- Work instructions -
Reproduce, exactly and only, the lines of the data that follows from the one containing "Linnen teugels van" down to the one containing "Boys' Printed Cotton", without pictures.

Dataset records

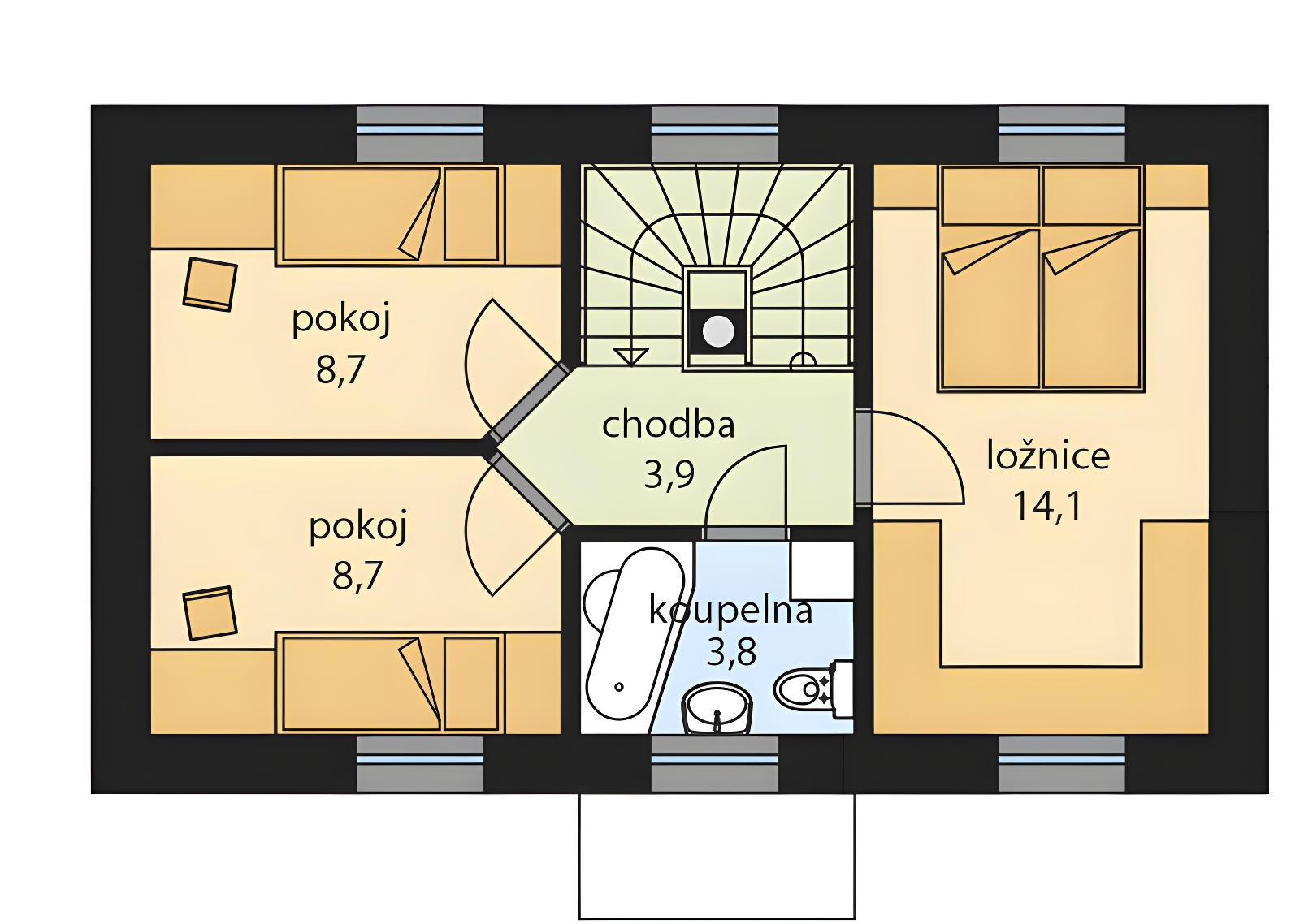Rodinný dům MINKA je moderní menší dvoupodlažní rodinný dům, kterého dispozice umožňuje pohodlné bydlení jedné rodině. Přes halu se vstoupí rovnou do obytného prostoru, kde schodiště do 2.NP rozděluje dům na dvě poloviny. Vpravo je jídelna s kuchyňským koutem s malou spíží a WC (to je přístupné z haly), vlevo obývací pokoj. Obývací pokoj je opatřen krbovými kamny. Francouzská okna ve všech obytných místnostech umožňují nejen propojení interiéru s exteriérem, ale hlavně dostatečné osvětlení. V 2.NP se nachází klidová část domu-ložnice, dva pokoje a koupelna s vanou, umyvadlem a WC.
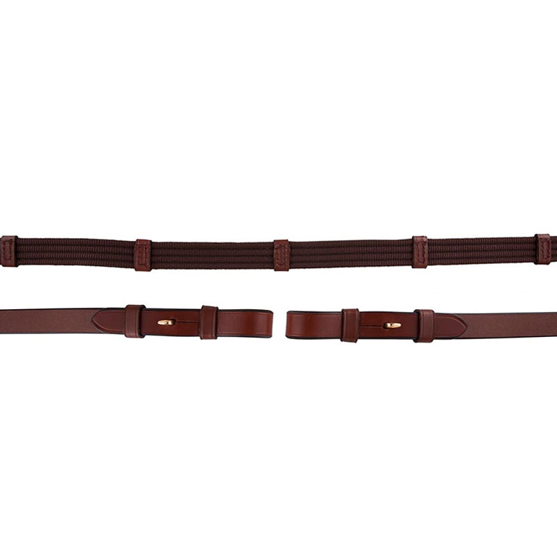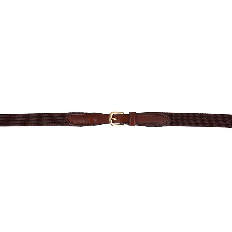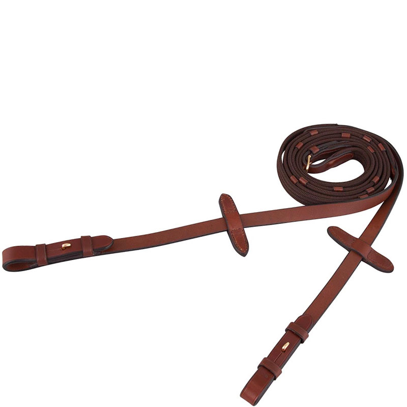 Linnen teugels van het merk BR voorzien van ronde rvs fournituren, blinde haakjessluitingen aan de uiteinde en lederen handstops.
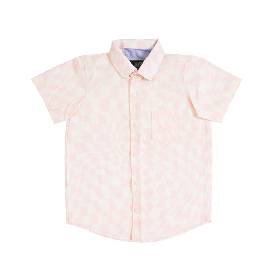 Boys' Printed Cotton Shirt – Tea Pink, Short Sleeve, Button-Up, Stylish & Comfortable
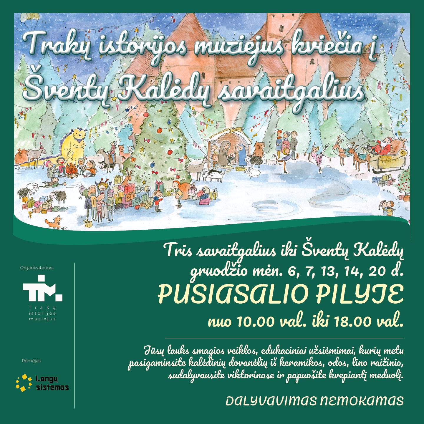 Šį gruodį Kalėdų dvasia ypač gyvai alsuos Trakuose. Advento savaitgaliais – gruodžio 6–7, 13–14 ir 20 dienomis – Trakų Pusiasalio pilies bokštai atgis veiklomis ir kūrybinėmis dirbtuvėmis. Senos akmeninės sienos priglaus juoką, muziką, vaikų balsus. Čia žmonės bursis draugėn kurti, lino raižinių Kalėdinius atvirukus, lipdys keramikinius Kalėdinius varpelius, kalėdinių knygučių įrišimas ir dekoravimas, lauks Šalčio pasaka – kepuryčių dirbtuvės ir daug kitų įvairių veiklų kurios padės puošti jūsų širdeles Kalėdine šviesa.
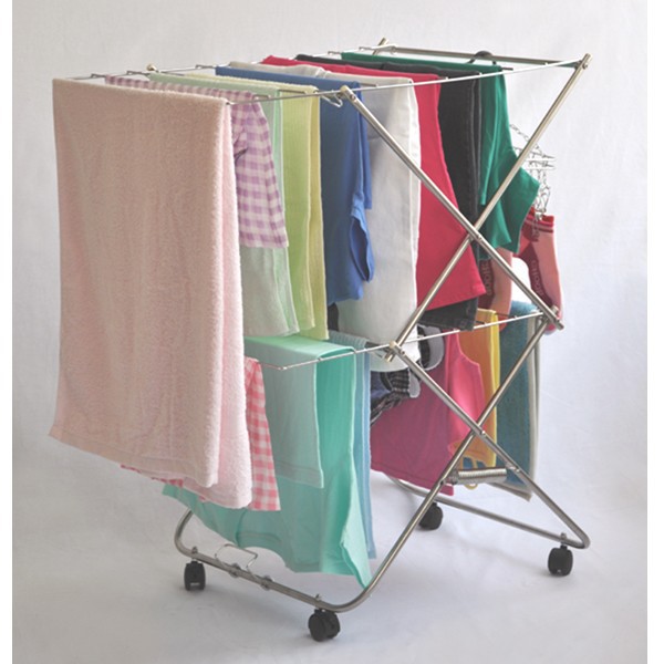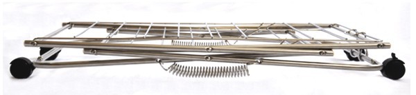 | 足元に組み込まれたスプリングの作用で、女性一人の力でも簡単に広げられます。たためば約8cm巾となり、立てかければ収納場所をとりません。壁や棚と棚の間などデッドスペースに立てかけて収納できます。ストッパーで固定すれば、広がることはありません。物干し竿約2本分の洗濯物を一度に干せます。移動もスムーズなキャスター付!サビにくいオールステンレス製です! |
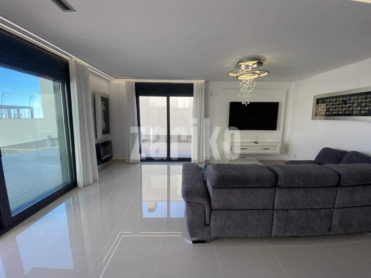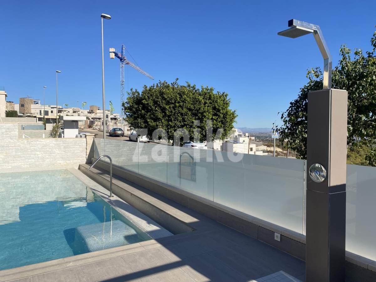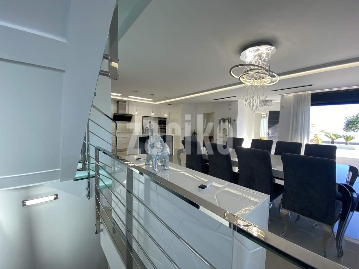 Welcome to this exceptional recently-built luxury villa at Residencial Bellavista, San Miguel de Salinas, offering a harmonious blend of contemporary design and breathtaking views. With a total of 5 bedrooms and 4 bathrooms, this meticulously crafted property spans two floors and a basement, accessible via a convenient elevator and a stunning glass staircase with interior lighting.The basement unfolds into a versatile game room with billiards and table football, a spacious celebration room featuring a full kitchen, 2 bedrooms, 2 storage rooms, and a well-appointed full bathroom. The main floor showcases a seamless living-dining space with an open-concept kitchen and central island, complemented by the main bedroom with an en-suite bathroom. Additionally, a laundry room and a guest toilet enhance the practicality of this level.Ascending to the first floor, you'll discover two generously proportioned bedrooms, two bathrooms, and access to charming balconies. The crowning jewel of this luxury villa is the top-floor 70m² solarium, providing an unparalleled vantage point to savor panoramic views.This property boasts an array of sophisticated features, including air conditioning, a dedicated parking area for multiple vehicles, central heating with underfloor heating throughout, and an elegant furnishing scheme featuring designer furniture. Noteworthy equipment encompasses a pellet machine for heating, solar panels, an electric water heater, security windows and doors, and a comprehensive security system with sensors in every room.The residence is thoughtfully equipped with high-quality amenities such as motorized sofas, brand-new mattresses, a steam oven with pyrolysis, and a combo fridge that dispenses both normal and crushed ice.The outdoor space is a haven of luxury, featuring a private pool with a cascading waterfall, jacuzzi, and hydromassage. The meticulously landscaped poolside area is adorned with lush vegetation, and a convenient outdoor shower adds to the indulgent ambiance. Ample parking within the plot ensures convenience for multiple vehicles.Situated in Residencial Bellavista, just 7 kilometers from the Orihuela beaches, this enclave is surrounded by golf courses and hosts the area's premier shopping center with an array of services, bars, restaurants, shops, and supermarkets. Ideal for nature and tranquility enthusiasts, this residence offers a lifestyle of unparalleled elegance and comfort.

- Reply to the task -
 Linnen teugels van het merk BR voorzien van ronde rvs fournituren, blinde haakjessluitingen aan de uiteinde en lederen handstops.
 Boys' Printed Cotton Shirt – Tea Pink, Short Sleeve, Button-Up, Stylish & Comfortable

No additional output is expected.